Graph-based methods, which decompose the score of a dependency tree into scores of dependency arcs, are popular in dependency parsing for decades. Recently, \citet{Yang2022Span} propose a headed-span-based method that decomposes the score of a dependency tree into scores of headed spans. They show improvement over first-order graph-based methods. However, their method does not score dependency arcs at all, and dependency arcs are implicitly induced by their cubic-time algorithm, which is possibly sub-optimal since modeling dependency arcs is intuitively useful. In this work, we aim to combine graph-based and headed-span-based methods, incorporating both arc scores and headed span scores into our model. First, we show a direct way to combine with $O(n^4)$ parsing complexity. To decrease complexity, inspired by the classical head-splitting trick, we show two $O(n^3)$ dynamic programming algorithms to combine first- and second-order graph-based and headed-span-based methods.

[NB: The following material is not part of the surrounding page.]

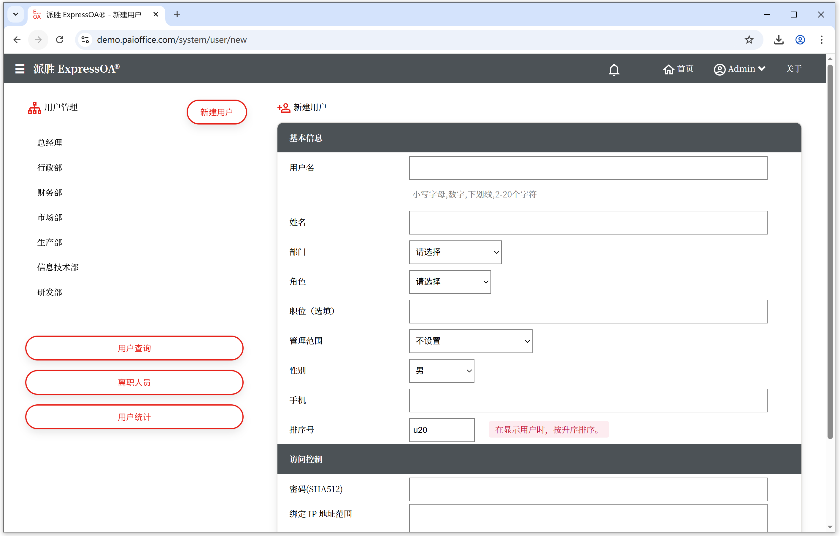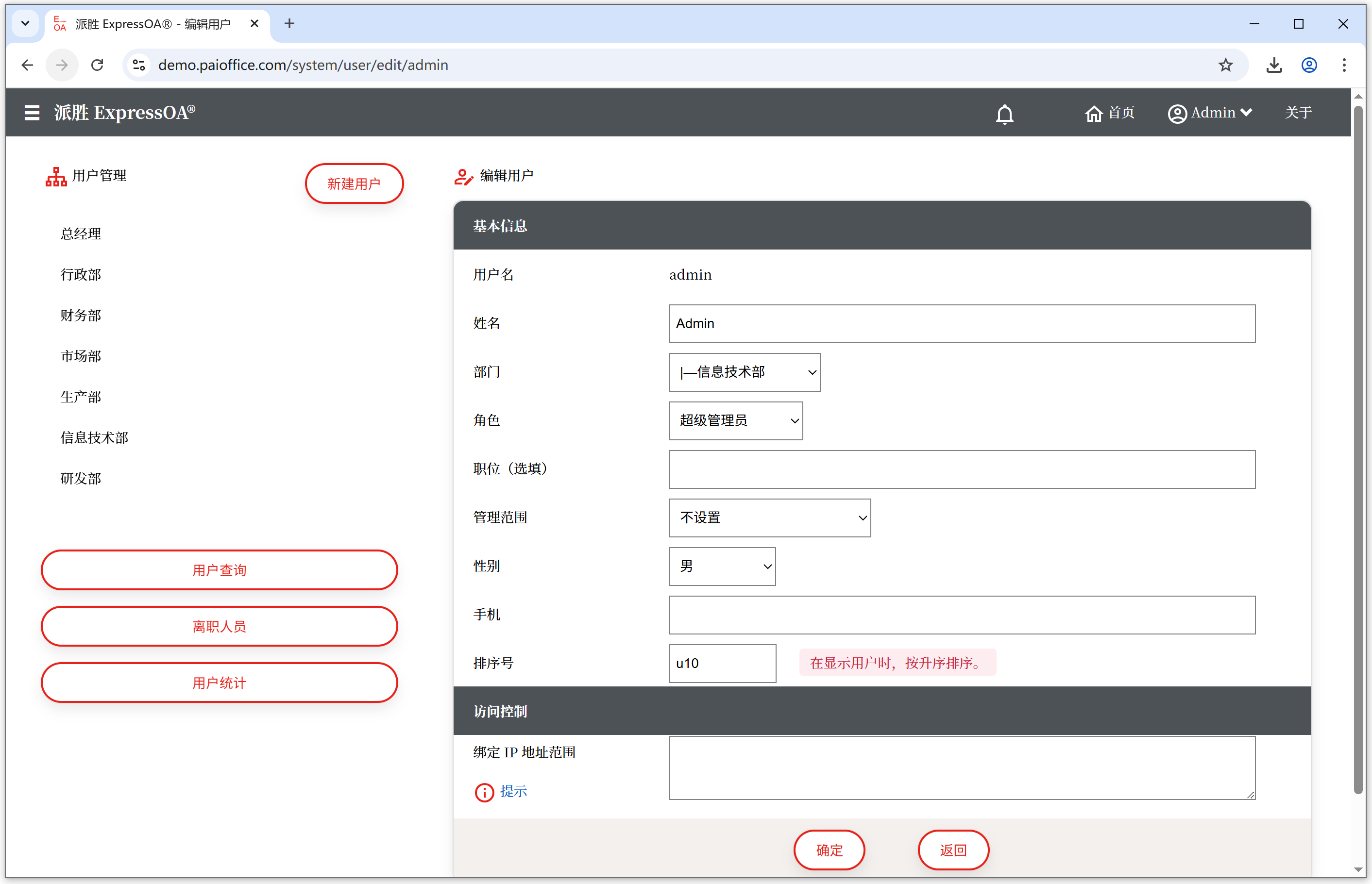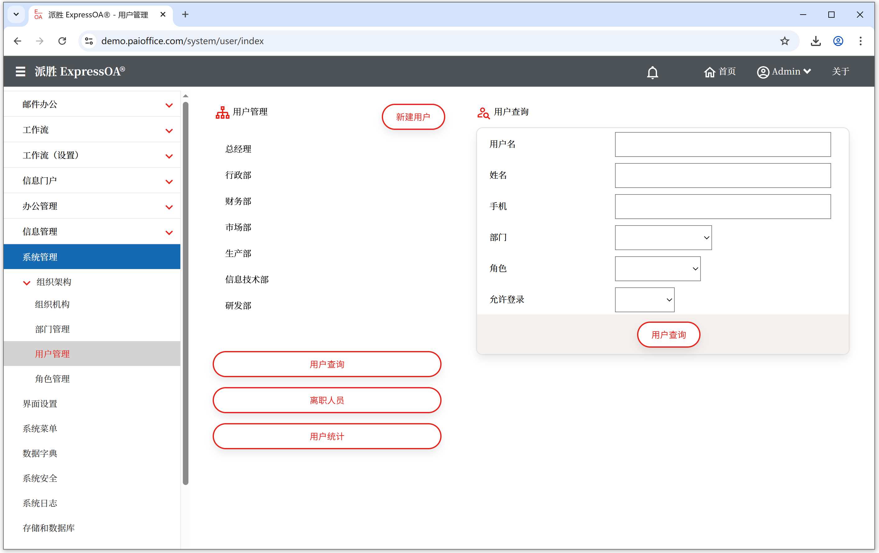 访问 ExpressOA 菜单【系统管理 → 用户管理】,创建、修改、删除用户。

Our experiments on PTB, CTB, and UD show that combining first-order graph-based and headed-span-based methods is effective. We also confirm the effectiveness of second-order graph-based parsing in the deep learning age, however, we observe marginal or no improvement when combining second-order graph-based and headed-span-based methods. Our code is publicly available at \url{https://github.com/sustcsonglin/span-based-dependency-parsing}.